Wir wollen Bilder sehen#6


----------



## Goettinger (25. Juli 2006)

*AW: kutterangeln mit der ms vorwärts von poel aus*

dickes petri auch von mir!


----------



## Franz_16 (25. Juli 2006)

*AW: kutterangeln mit der ms vorwärts von poel aus*

Moin 
erstmal Petri Heil zu dieser Sternstunde & willkommen im Anglerboard 

Die MS Vorwärts tuckert scheinbar öfter mal vor Meschendorf/Rerik rum. Bin ihr da nämlich schon mal begegnet. Auch da hatten die Kutterangler die Wannen gut voll mit Dorsch.

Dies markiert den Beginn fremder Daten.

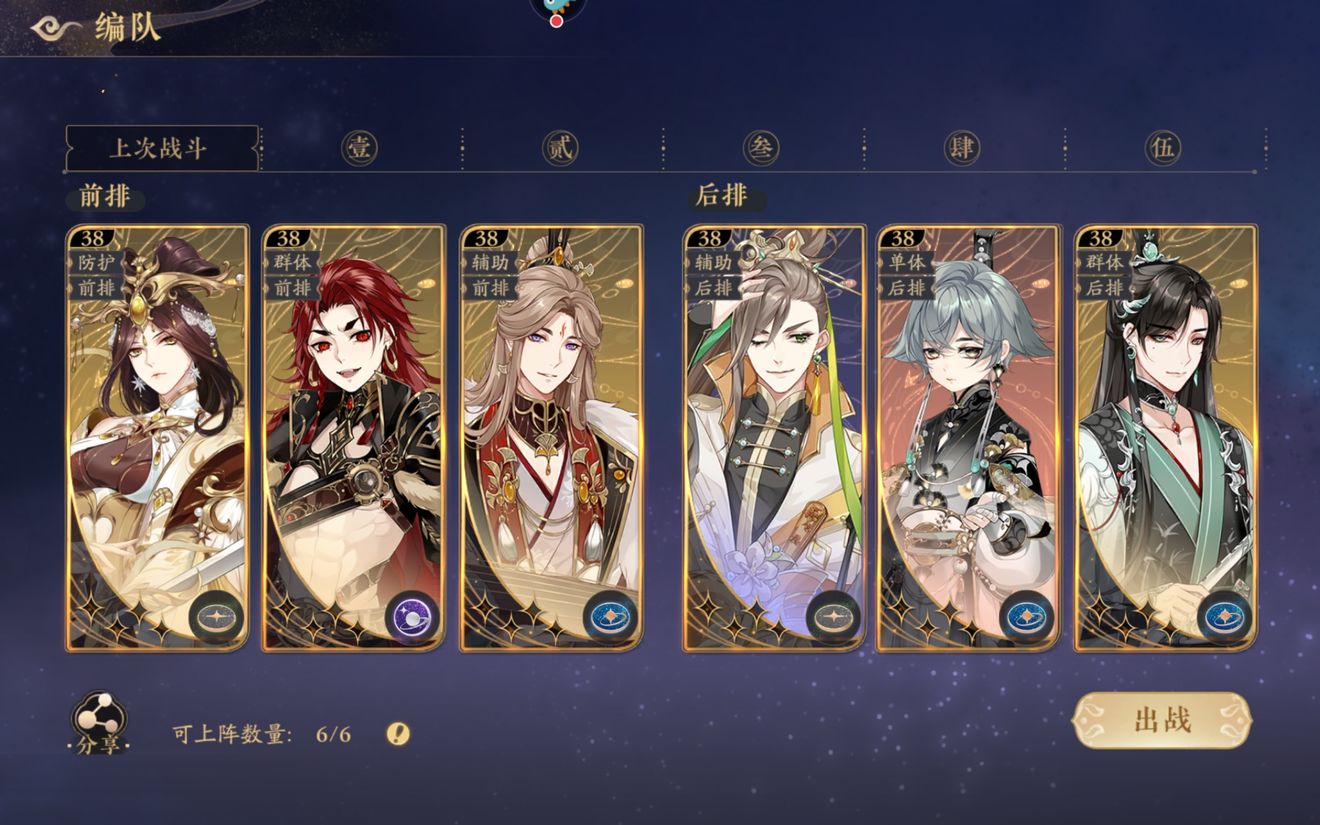 开服第七天,这是我目前的阵容,已经确定好的角色有小安,耶律,宣连隐,桃山。剩下两个待定。

Was mir nicht so gut gefiel war, dass der Kapitän mit seinem Kutter recht nah an uns (5 PS - Aluboot) rangefahren ist und 2m neben unserem Boot die Pilker eingeschlagen sind.


----------



## RibnitzerJung (11. Juni 2011)

*AW: kutterangeln mit der ms vorwärts von poel aus*

hat jemand in letzter zeit mal wieder ne tour mit der vorwärts gemacht? ich überlege nämlich selbiges demnächst mal zu tun...


----------



## Samdeek (12. Juni 2011)

*AW: kutterangeln mit der ms vorwärts von poel aus*

hi, auch ich war mit draußen vor 2 wochen hatte 18 dorsche und war voll zufrieden.
aber eines ist mir aufgefallen der kapitääään ist ein echter kleinboothasser.
teilweise ist er beim neuen ansetzen bis auf 10m an die treibenden bote rangefahren was ich nicht ok fand.
Weis eigentlich einer wo genau der hinfährt? hatte leider kein gps dabei aber die stelle hat es echt insich.


----------



## ceo101 (13. Juni 2011)

*AW: kutterangeln mit der ms vorwärts von poel aus*

Ich war mit meinem Vater am 8.6. draußen. Ich 15 Dorsche (50-62cm + ein paar untermaßige). Mein Vater 17 Dorsche (50-69cm + ein paar untermaßige). Schöner Trip, solche Fänge hatte ich noch nicht so oft...


----------



## Samdeek (30. Juli 2011)

*AW: kutterangeln mit der ms vorwärts von poel aus*

Hi leute, kann euch nur als Tipp geben wenn ihr mit dem Kleinboot rauswollt dann Sucht euch den 20m Berg auf dem Trollegrung hier von der karte http://www.purplefinder.com/servlet/FleetMapServlet
54°12´05.36´´N - 11° 39´23.07´´E Dort waren wir und auch die Vorwärts.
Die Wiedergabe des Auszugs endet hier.